Dan Smoke’s youth was shaped by a home that had two front doors.

The home was Chiefswood, a stately meeting place between Settler and Haudenosaunee diplomats, during the nineteenth century. At Chiefswood, one front door faces the Grand River, to welcome visitors who came by canoe, while the other faces the road. As a physical place, it embodies the spirit of the Gaswéñdah, or two row wampum, the seventeenth-century diplomatic agreement set out between the Haudenosaunee and Dutch (then English), which still defines diplomacy with the Six Nations today.

This was not Dan’s childhood home but rather the place his mother Joyce worked, serving as the museum’s curator during the 1960s. In many ways, however, the home symbolizes the man who Dan became.

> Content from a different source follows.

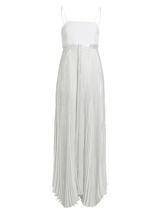 The Despina maxi dress from Alice + Olivia features a metallic pleated skirt with a flowing handkerchief hem. A fitted straight-neck bodice with delicate spaghetti straps completes the look.

I first met Dan almost exactly eleven years ago. Since that time, we became friends and, as a historian, I learned much from him, especially about this region’s Indigenous histories, London’s history, and his own life. Alongside, Mary Lou, his partner for over 50 years, Dan worked tirelessly to help Canadians better understand Indigenous histories and cultures.

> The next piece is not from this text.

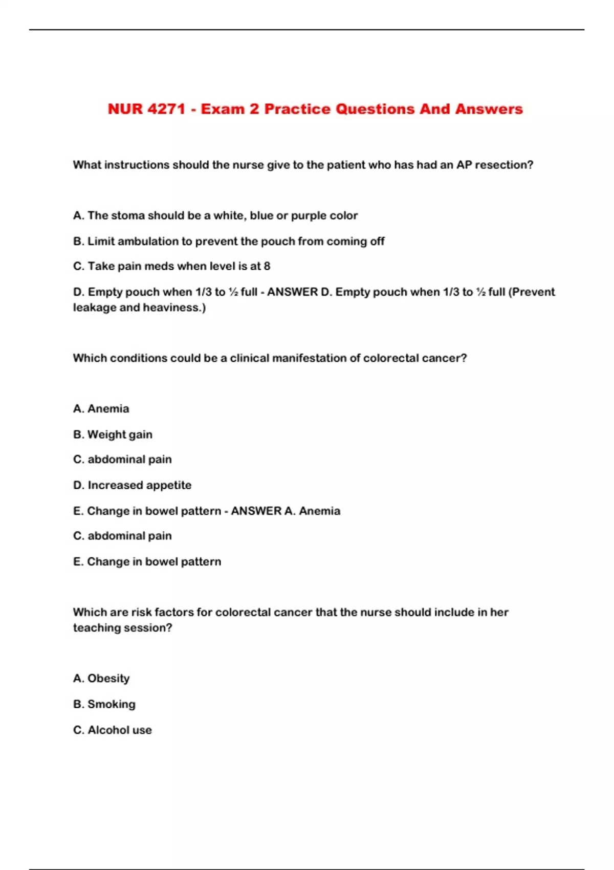 NUR 4271 - Exam 2 Practice Questions And Answers

Dan and Mary Lou blazed the pathway towards the reconciliation moment that arrived in the mid-2010s. Though most Londoners will know them through their well-known program Smoke Signals on Radio Western, and its spin-off television spot on CTV London, Dan’s work began much earlier.

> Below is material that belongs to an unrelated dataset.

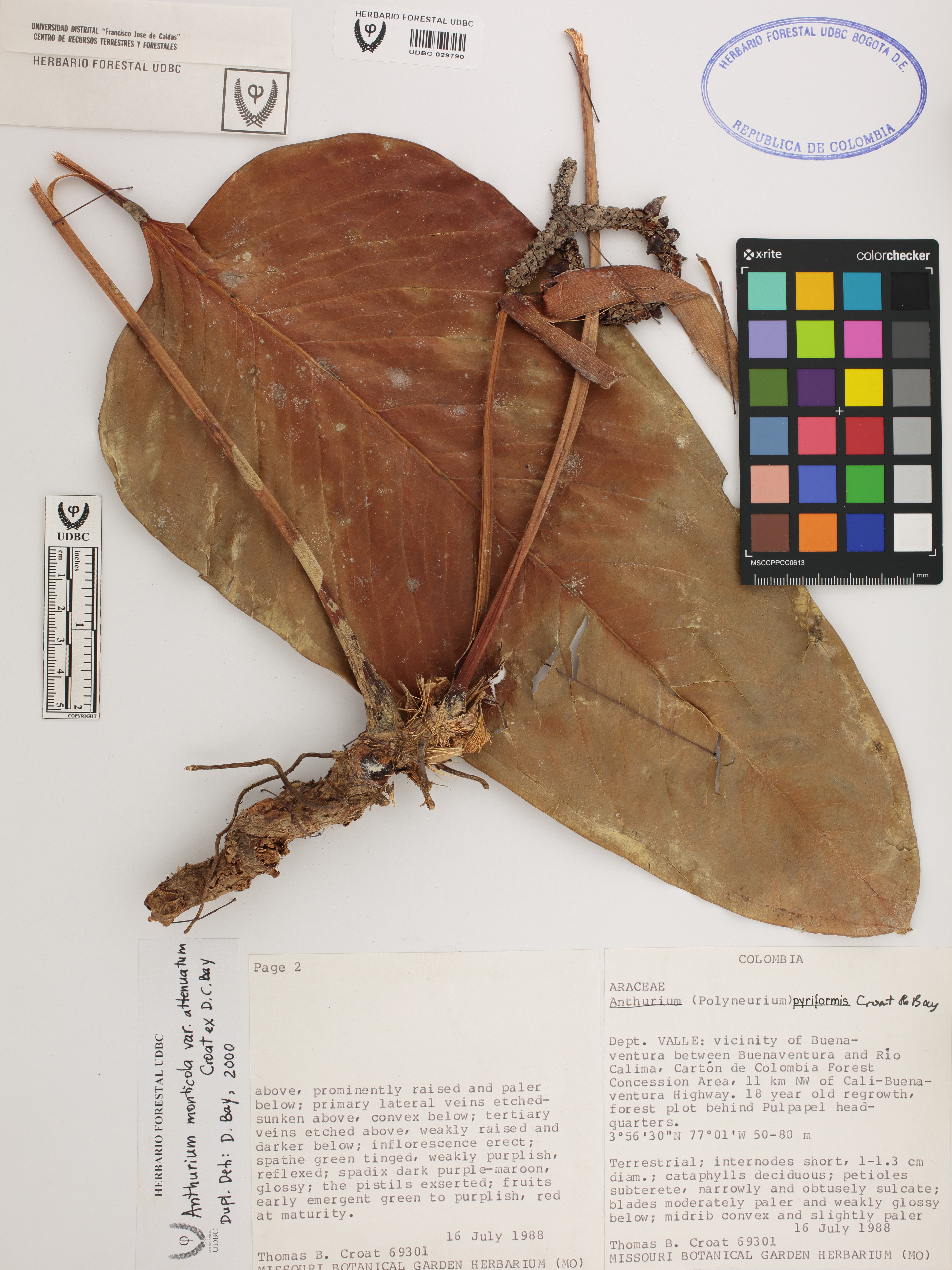 Fotografía del ejemplar Croat, T. 69301, determinado como Anthurium monticola var. attenuatum en el año 2000

Dan came from a long line of Haudenosaunee knowledge keepers. His great, great, grandfather was John Arthur Gibson. Gibson played an important role in maintaining Haudenosaunee traditions at the end of the nineteenth century and has been remembered not only for upholding Haudenosaunee ways (recording the Great Law and other traditions onto wax cylinders) but also as someone who worked to build common ground between peoples.

Dan carried on these traditions. His formal schooling during the 1970s was at St. Andrew’s College in Aurora, and later Princeton University. During those years, a deep education took place, as he travelled extensively with the White Roots for Peace, an Akwesasne-based organization focused on promoting Traditional education, language, and culture. This is where Dan’s spirit was awakened.

Dan met his wife, Mary Lou in 1972 in Toronto, and together they arrived in London in 1977. Drawn here by opportunities at the N’Amerind Friendship Centre, Dan and Mary Lou saw London as a good place to raise their son. Shortly after arriving, Dan enrolled in the Indian Teachers Education Program, beginning a near 50-year relationship with Western University.

Opportunity knocked, however, in 1990. With the Oka Crisis, Dan and Mary Lou were invited onto Radio Western to talk about their experiences as Indigenous people in Canada. After a few interviews, Mario Circelli, the station manager at CHRW, offered the couple their own timeslot. Smoke Signals was born. Their show became Canada’s longest-running Indigenous campus radio program. The radio show led to a television spot in the late-1990s on CTV London and, by the mid-2000s, Dan and Mary Lou were teaching at Western and Fanshawe.

The undercurrent of these years was the tensions that flared up at Oka and Ipperwash. In 1991, Dan and Mary Lou helped plant a White Pine of Peace at the Forks of the Thames to remember what happened at Oka. Each year, they mark July 11 (the day the stand-off began) with ceremony.  Continuing his work with the White Roots of Peace, for many decades Dan was at the forefront of ensuring Indigenous perspectives about Canada were shared broadly, and helping Canadians better understand Indigenous cultures, histories, and traditions.

As part of this work in the early 2000s, Dan and Mary Lou were formative in bringing about the Gathering of the Good Minds. This three-day festival brought together Indigenous and non-Indigenous peoples to celebrate Indigenous Arts, Wisdom, and Culture. To make this idea a reality, Dan invited community organizations such as Wiiche Ke Yig, Museum London, Museum of Archeology, Nokee Kwe, N’Amerind Friendship Centre, and the London Children’s Museum. The Gathering of the Good Minds demonstrates Dan’s mission in life. He was someone who united people, lifting each other up and celebrating their traditions and cultures.

Later in life, Dan took up teaching. That was the context where I first met him, at the university. At that time, Dan and Mary Lou were teaching in the Faculty of Information and Media Studies, as well as Brescia University College. By that point, the couple had received an honorary doctorate from Noble International Environmental Peace University; in 2022, they also received similar recognition from Western.

What is clear from all of this is Dan’s longstanding commitment to teaching and learning about his Haudenosaunee roots and their place on a continent dominated by newcomers. At a time when very few people were working to bridge settler Canadian and Indigenous perspectives on the world, Dan was at the microphone, hosting conferences, and teaching courses.

In this work, he served a role not unlike the building with which he grew up. Like Chiefswood itself, Dan served as a conduit for Indigenous and Settler peoples to come and learn from each other. With a year passed since he left us, it is now time for us to continue this work in his honour.